Add a medium can of salmon to the mixture before cooking, if you like.
Apple-Ricotta Fritters:
Combine
2 coarsely grated apple (no need to peel), 1/2c fresh ricotta, 2 large eggs and
1/2tsp cinnamon; add 3/4c plain flour and pinch of salt; stir until just combine.
Cook in shallow amount of hot oil; let drain
when cooked; douse with icing sugar when still warm.
Banana Fritters: Smash 3 very ripe
bananas with 2 egg yolks; add 1tsp vanilla, 1/2tsp cinnamon, 1/2tsp nutmeg, 1tbs
molasses. 1/4c shredded coconut and 1tbs sugar. Add 2c flour and 1/4c milk
alternatively. When combined, whisk 2 egg whites. Slowly add whites, careful as
not to deflate the volume. Heat oil in pan; fry mixture in batches. Drain well; sprinkle with icing sugar; or served drizzled with maple syrup.
Boiled Fruit
Cake: Regular recipe..(today I multiplied it by four for my own purposes).....
Soak 500g dried mixed fruit (I added chopped dates, chopped crystallised
ginger, walnuts, red raisins, dried cranberries and more glacé cherries to the mix)
overnight in dark rum, dry sherry or brandy. I let my mix sit, soaking, for 48 or so hours.
Adjust the liquid quantity according to additional
ingredients. (This recipe is a guideline...fool around with it to your own content,
and judgment. Mostly, I cook according to
my taste).
In a saucepan, place soaked fruits, nuts,
1 cup of water, 125g butter, 2tbs golden syrup or treacle and 1c brown sugar in
saucepan. At this point, I also add my “secret”
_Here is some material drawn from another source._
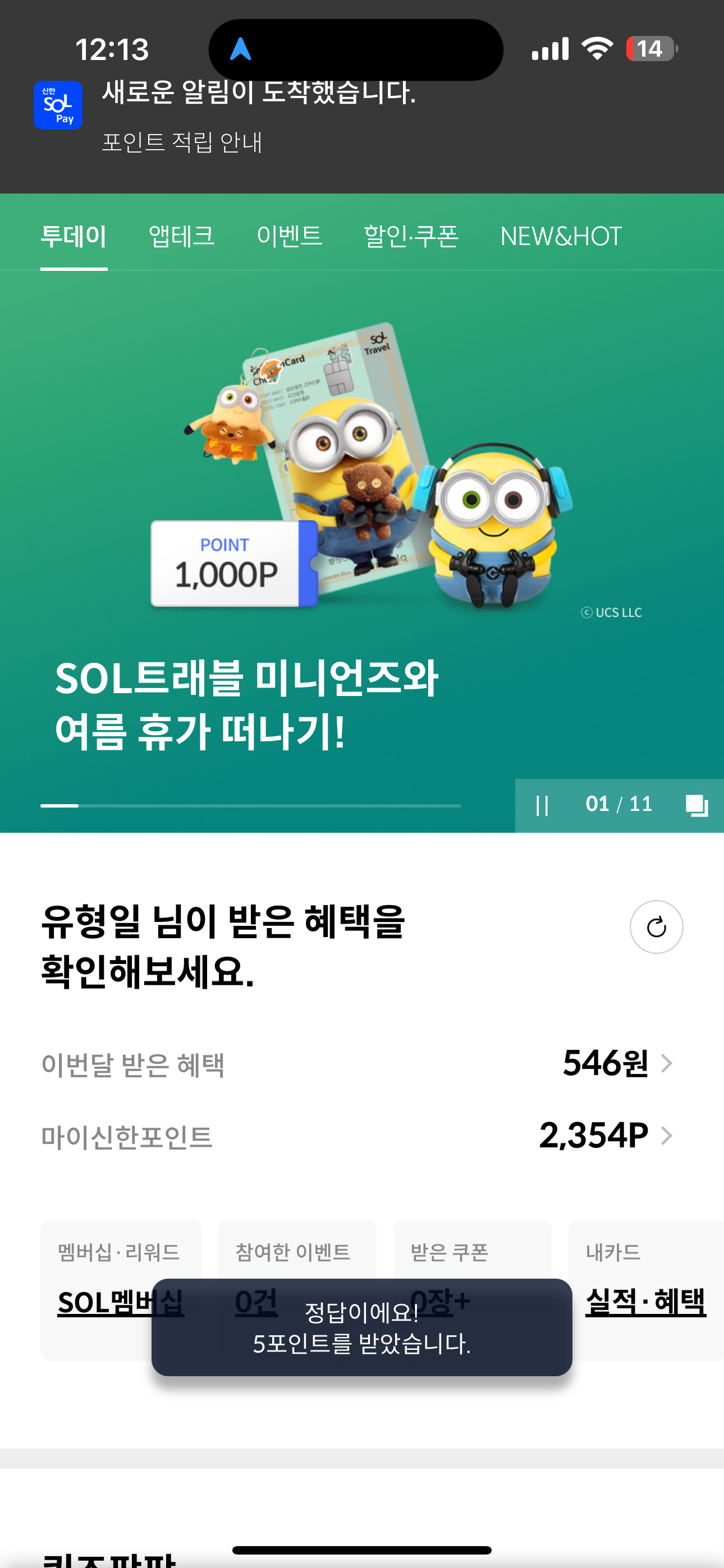 신한카드 퀴즈팡팡 정답은 3천포인트 입니다

ingredients...a dessertspoon (thereabouts) of instant coffee (dry) and about the
same quantity of cocoa powder. (You don’t
have to add these. It’s just what I’ve gotten
in the habit of doing). Slowly bring to the boil; then remove from the heat. Add 1tsp bicarbonate of soda which has been mixed
with 1 tablespoon boiling water. Allow to cool for 15 minutes. Add 2 lightly-beaten eggs mixing thoroughly. Fold in 1c sifted plain
flour (all-purpose flour) and 1c self-raising flour, 1/2tsp mixed spice, ¼ tsp nutmeg,
(as well as cinnamon and ground ginger, if you like) and 1tsp vanilla essence.
Place in a greased and paper-lined (base and sides) 20cm
round or square cake tin. Decorate with almonds (or pecans or walnuts) and/or glace cherries. Bake at 160°C (320F) for 1 ¼ to 1 ½ hours, until
skewer comes out clean. Cool in tin.